■ DATA SUPPLIED ■
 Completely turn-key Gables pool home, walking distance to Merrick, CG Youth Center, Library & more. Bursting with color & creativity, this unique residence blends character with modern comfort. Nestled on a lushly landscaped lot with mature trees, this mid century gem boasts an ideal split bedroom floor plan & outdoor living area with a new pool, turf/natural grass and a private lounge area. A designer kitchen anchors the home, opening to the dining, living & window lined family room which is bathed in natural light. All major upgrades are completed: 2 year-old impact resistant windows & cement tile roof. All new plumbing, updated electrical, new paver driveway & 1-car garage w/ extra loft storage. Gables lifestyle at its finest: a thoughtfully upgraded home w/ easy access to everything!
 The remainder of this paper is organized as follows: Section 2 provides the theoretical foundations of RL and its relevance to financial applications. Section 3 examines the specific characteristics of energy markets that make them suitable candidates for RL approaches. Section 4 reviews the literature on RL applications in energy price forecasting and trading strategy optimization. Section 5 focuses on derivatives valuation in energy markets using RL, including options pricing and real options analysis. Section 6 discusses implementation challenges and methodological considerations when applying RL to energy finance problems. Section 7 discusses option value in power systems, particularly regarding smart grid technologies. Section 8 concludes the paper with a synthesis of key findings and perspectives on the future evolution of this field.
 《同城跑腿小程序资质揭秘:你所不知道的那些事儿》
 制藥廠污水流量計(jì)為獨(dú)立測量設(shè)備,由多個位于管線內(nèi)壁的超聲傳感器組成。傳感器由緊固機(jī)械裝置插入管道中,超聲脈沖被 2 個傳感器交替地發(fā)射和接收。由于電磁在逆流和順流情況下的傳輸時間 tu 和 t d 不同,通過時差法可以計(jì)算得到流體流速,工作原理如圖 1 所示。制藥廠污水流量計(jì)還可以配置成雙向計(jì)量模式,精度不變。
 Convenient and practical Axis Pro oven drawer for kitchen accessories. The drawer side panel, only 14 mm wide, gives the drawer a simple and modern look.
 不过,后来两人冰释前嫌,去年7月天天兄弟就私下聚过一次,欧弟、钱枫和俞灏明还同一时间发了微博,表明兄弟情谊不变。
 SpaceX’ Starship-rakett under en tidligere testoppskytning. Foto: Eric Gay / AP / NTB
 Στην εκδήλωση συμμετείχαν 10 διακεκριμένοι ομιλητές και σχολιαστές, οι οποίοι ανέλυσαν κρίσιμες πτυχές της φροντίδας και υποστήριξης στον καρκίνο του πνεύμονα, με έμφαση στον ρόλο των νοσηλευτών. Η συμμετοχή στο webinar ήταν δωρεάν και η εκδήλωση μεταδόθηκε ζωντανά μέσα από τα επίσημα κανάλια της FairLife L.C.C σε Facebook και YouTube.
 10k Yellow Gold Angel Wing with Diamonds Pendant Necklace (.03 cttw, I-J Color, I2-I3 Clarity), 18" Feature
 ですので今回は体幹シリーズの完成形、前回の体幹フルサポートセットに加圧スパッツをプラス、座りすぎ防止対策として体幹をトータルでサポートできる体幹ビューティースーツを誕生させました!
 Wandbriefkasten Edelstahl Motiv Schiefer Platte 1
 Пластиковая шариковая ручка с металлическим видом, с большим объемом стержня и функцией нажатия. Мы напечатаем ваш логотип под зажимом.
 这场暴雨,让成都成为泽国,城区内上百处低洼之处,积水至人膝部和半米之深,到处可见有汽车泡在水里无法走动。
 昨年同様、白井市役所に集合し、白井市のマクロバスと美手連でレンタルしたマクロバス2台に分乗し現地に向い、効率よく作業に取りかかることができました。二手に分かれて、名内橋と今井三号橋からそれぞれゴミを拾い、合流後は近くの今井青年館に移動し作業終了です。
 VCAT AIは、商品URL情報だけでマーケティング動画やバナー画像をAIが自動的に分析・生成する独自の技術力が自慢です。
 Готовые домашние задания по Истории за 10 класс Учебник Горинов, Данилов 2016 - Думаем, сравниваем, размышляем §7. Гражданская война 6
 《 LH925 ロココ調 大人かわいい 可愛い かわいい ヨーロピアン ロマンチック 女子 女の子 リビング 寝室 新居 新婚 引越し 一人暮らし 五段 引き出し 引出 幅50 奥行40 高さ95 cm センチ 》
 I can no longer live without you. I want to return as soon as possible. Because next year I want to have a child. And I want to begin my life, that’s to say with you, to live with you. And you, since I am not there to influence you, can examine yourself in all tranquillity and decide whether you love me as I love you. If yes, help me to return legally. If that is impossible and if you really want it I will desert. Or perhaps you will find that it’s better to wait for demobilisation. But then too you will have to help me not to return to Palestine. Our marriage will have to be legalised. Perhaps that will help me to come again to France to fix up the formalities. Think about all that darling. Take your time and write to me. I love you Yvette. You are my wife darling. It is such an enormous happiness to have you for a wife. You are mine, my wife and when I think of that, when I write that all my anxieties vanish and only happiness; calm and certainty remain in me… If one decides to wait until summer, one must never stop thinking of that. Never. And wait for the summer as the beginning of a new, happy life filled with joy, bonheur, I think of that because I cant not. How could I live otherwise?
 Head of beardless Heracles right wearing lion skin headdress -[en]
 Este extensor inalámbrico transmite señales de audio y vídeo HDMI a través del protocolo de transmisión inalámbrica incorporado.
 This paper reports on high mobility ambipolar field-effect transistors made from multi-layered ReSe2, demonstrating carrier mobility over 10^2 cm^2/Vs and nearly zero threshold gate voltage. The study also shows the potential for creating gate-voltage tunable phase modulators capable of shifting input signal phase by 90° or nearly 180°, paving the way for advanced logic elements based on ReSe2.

■ REQUIREMENT ■
Write the material out exactly, with nothing left out.

■ OUTPUT BELOW ■
 Completely turn-key Gables pool home, walking distance to Merrick, CG Youth Center, Library & more. Bursting with color & creativity, this unique residence blends character with modern comfort. Nestled on a lushly landscaped lot with mature trees, this mid century gem boasts an ideal split bedroom floor plan & outdoor living area with a new pool, turf/natural grass and a private lounge area. A designer kitchen anchors the home, opening to the dining, living & window lined family room which is bathed in natural light. All major upgrades are completed: 2 year-old impact resistant windows & cement tile roof. All new plumbing, updated electrical, new paver driveway & 1-car garage w/ extra loft storage. Gables lifestyle at its finest: a thoughtfully upgraded home w/ easy access to everything!
 The remainder of this paper is organized as follows: Section 2 provides the theoretical foundations of RL and its relevance to financial applications. Section 3 examines the specific characteristics of energy markets that make them suitable candidates for RL approaches. Section 4 reviews the literature on RL applications in energy price forecasting and trading strategy optimization. Section 5 focuses on derivatives valuation in energy markets using RL, including options pricing and real options analysis. Section 6 discusses implementation challenges and methodological considerations when applying RL to energy finance problems. Section 7 discusses option value in power systems, particularly regarding smart grid technologies. Section 8 concludes the paper with a synthesis of key findings and perspectives on the future evolution of this field.
 《同城跑腿小程序资质揭秘:你所不知道的那些事儿》
 制藥廠污水流量計(jì)為獨(dú)立測量設(shè)備,由多個位于管線內(nèi)壁的超聲傳感器組成。傳感器由緊固機(jī)械裝置插入管道中,超聲脈沖被 2 個傳感器交替地發(fā)射和接收。由于電磁在逆流和順流情況下的傳輸時間 tu 和 t d 不同,通過時差法可以計(jì)算得到流體流速,工作原理如圖 1 所示。制藥廠污水流量計(jì)還可以配置成雙向計(jì)量模式,精度不變。
 Convenient and practical Axis Pro oven drawer for kitchen accessories. The drawer side panel, only 14 mm wide, gives the drawer a simple and modern look.
 不过,后来两人冰释前嫌,去年7月天天兄弟就私下聚过一次,欧弟、钱枫和俞灏明还同一时间发了微博,表明兄弟情谊不变。
 SpaceX’ Starship-rakett under en tidligere testoppskytning. Foto: Eric Gay / AP / NTB
 Στην εκδήλωση συμμετείχαν 10 διακεκριμένοι ομιλητές και σχολιαστές, οι οποίοι ανέλυσαν κρίσιμες πτυχές της φροντίδας και υποστήριξης στον καρκίνο του πνεύμονα, με έμφαση στον ρόλο των νοσηλευτών. Η συμμετοχή στο webinar ήταν δωρεάν και η εκδήλωση μεταδόθηκε ζωντανά μέσα από τα επίσημα κανάλια της FairLife L.C.C σε Facebook και YouTube.
 10k Yellow Gold Angel Wing with Diamonds Pendant Necklace (.03 cttw, I-J Color, I2-I3 Clarity), 18" Feature
 ですので今回は体幹シリーズの完成形、前回の体幹フルサポートセットに加圧スパッツをプラス、座りすぎ防止対策として体幹をトータルでサポートできる体幹ビューティースーツを誕生させました!
 Wandbriefkasten Edelstahl Motiv Schiefer Platte 1
 Пластиковая шариковая ручка с металлическим видом, с большим объемом стержня и функцией нажатия. Мы напечатаем ваш логотип под зажимом.
 这场暴雨,让成都成为泽国,城区内上百处低洼之处,积水至人膝部和半米之深,到处可见有汽车泡在水里无法走动。
 昨年同様、白井市役所に集合し、白井市のマクロバスと美手連でレンタルしたマクロバス2台に分乗し現地に向い、効率よく作業に取りかかることができました。二手に分かれて、名内橋と今井三号橋からそれぞれゴミを拾い、合流後は近くの今井青年館に移動し作業終了です。
 VCAT AIは、商品URL情報だけでマーケティング動画やバナー画像をAIが自動的に分析・生成する独自の技術力が自慢です。
 Готовые домашние задания по Истории за 10 класс Учебник Горинов, Данилов 2016 - Думаем, сравниваем, размышляем §7. Гражданская война 6
 《 LH925 ロココ調 大人かわいい 可愛い かわいい ヨーロピアン ロマンチック 女子 女の子 リビング 寝室 新居 新婚 引越し 一人暮らし 五段 引き出し 引出 幅50 奥行40 高さ95 cm センチ 》
 I can no longer live without you. I want to return as soon as possible. Because next year I want to have a child. And I want to begin my life, that’s to say with you, to live with you. And you, since I am not there to influence you, can examine yourself in all tranquillity and decide whether you love me as I love you. If yes, help me to return legally. If that is impossible and if you really want it I will desert. Or perhaps you will find that it’s better to wait for demobilisation. But then too you will have to help me not to return to Palestine. Our marriage will have to be legalised. Perhaps that will help me to come again to France to fix up the formalities. Think about all that darling. Take your time and write to me. I love you Yvette. You are my wife darling. It is such an enormous happiness to have you for a wife. You are mine, my wife and when I think of that, when I write that all my anxieties vanish and only happiness; calm and certainty remain in me… If one decides to wait until summer, one must never stop thinking of that. Never. And wait for the summer as the beginning of a new, happy life filled with joy, bonheur, I think of that because I cant not. How could I live otherwise?
 Head of beardless Heracles right wearing lion skin headdress -[en]
 Este extensor inalámbrico transmite señales de audio y vídeo HDMI a través del protocolo de transmisión inalámbrica incorporado.
 This paper reports on high mobility ambipolar field-effect transistors made from multi-layered ReSe2, demonstrating carrier mobility over 10^2 cm^2/Vs and nearly zero threshold gate voltage. The study also shows the potential for creating gate-voltage tunable phase modulators capable of shifting input signal phase by 90° or nearly 180°, paving the way for advanced logic elements based on ReSe2.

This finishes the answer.